● **How to complete this task**:
Below are the records; reproduce all of them exactly but without any images.
** Opening Material shown block **
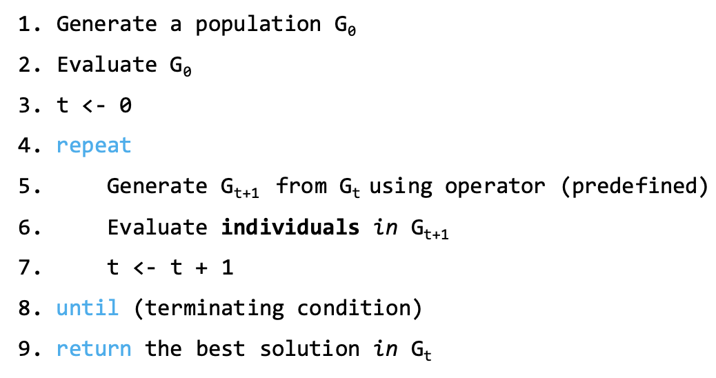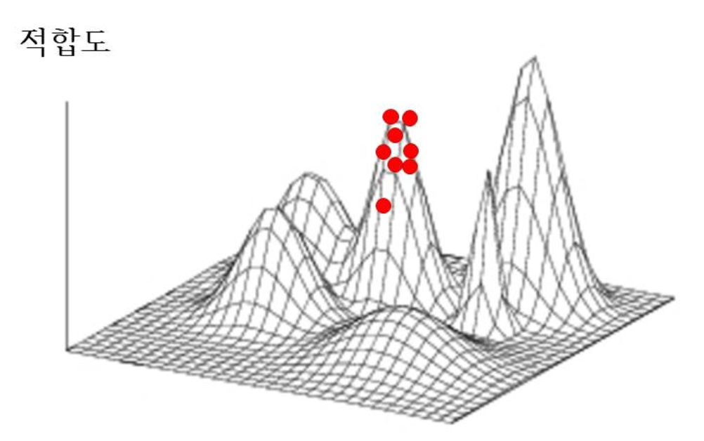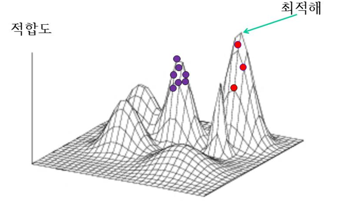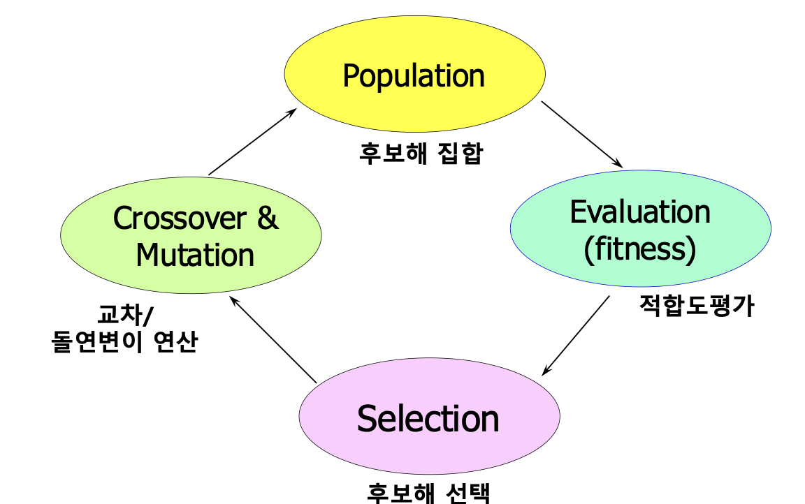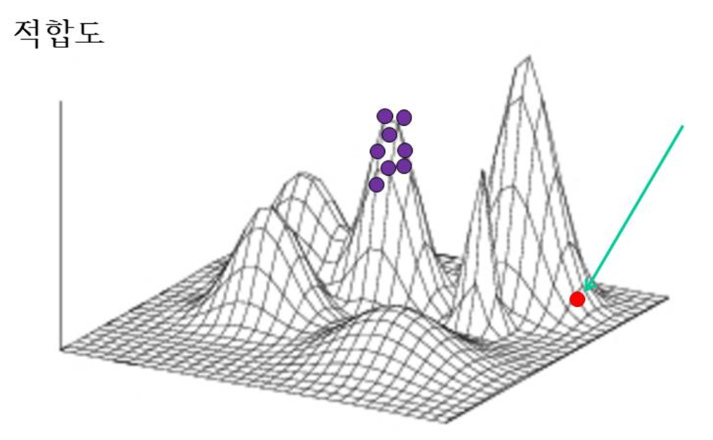 좋은 부분 구조를 가진 해들을 여러 개 유지하고, 그 사이에서 교차와 돌연변이 같은 연산으로 모의 담금질처럼 변형을 주되 집단 전체를 진화시키는 방법
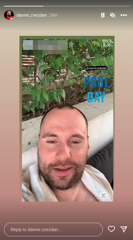 Ambijent bazena je veoma lep a iza se nalaze biljke i trska. Očigledno je da je Zvezdanu prijalo da izađe iz kuće.
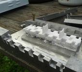Вот тут я и косякнул… Непродумал момент засыпки и по этому сделал всего 2 пенопластвые модели трака. К тому же, собрал форму на пружинах и в результате этого во втором траке полистирол вспениваясь отжал пружины и вылез наружу… надеюсь эти косяки исправить и повторить на ближайших выходных…
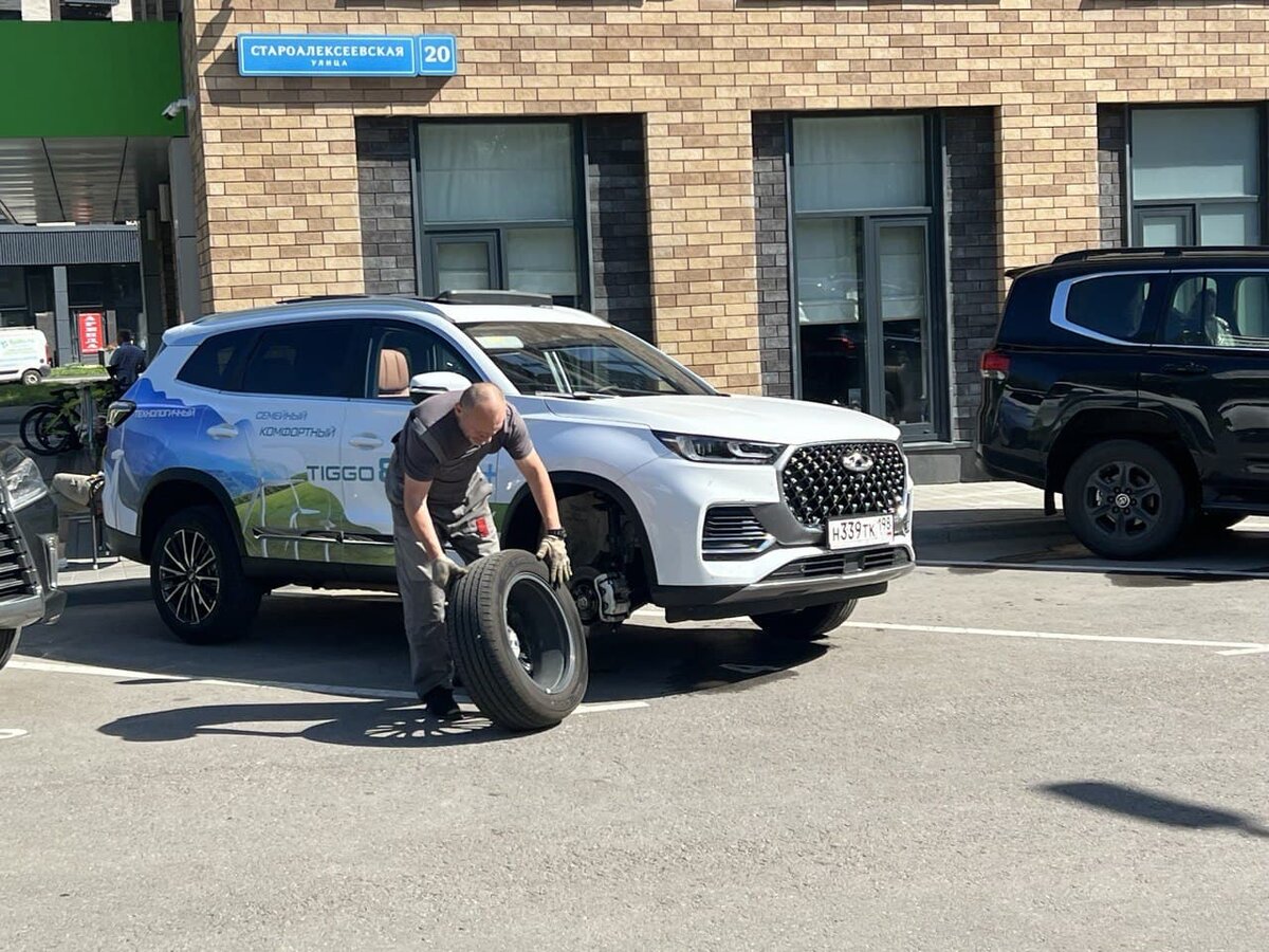 Покорение Дона у нас началось с приключений, на двух автомобилях мы должны были отправиться от гостиницы из Москвы, но тут на парковке я увидел, что у коня подбита подкова Chery спущено колесо, причину искать долго не пришлось, я сразу увидел саморез, запаски в машине не оказалась, поэтому товарищ вызвал выездной шиномонтаж, в итоге за ремонт прокола жгутом взяли 6 тысяч.
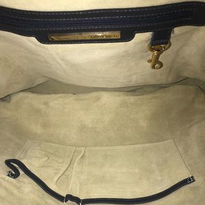 • The bag for sale is navy blue leather (product shot shows white leather.)
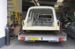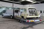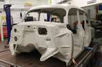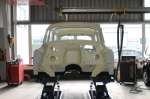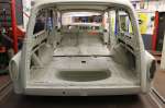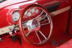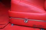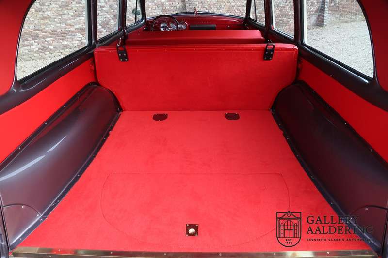The interior retrim was done in high quality lovely red vinyl with all seats being refilled, leaving us with a very comfortable and striking area. The dashboard has been resprayed and a new steering wheel fitted. The carpets as well as the headlining are new. Normally we would not spend to much time mentioning the boot space, but we think it is worth an exception. The boot has been refurbished to include the metal strips to ease sliding your suitcases over. The dashboard is fitted with gorgeous Dolphin gauges. The odometer informs us the car has only travelled 1897 kilometres since restoration.
** Closing Material shown block **
● **Solution for this exercise**:
 좋은 부분 구조를 가진 해들을 여러 개 유지하고, 그 사이에서 교차와 돌연변이 같은 연산으로 모의 담금질처럼 변형을 주되 집단 전체를 진화시키는 방법
 Ambijent bazena je veoma lep a iza se nalaze biljke i trska. Očigledno je da je Zvezdanu prijalo da izađe iz kuće.
Вот тут я и косякнул… Непродумал момент засыпки и по этому сделал всего 2 пенопластвые модели трака. К тому же, собрал форму на пружинах и в результате этого во втором траке полистирол вспениваясь отжал пружины и вылез наружу… надеюсь эти косяки исправить и повторить на ближайших выходных…
 Покорение Дона у нас началось с приключений, на двух автомобилях мы должны были отправиться от гостиницы из Москвы, но тут на парковке я увидел, что у коня подбита подкова Chery спущено колесо, причину искать долго не пришлось, я сразу увидел саморез, запаски в машине не оказалась, поэтому товарищ вызвал выездной шиномонтаж, в итоге за ремонт прокола жгутом взяли 6 тысяч.
 • The bag for sale is navy blue leather (product shot shows white leather.)
The interior retrim was done in high quality lovely red vinyl with all seats being refilled, leaving us with a very comfortable and striking area. The dashboard has been resprayed and a new steering wheel fitted. The carpets as well as the headlining are new. Normally we would not spend to much time mentioning the boot space, but we think it is worth an exception. The boot has been refurbished to include the metal strips to ease sliding your suitcases over. The dashboard is fitted with gorgeous Dolphin gauges. The odometer informs us the car has only travelled 1897 kilometres since restoration.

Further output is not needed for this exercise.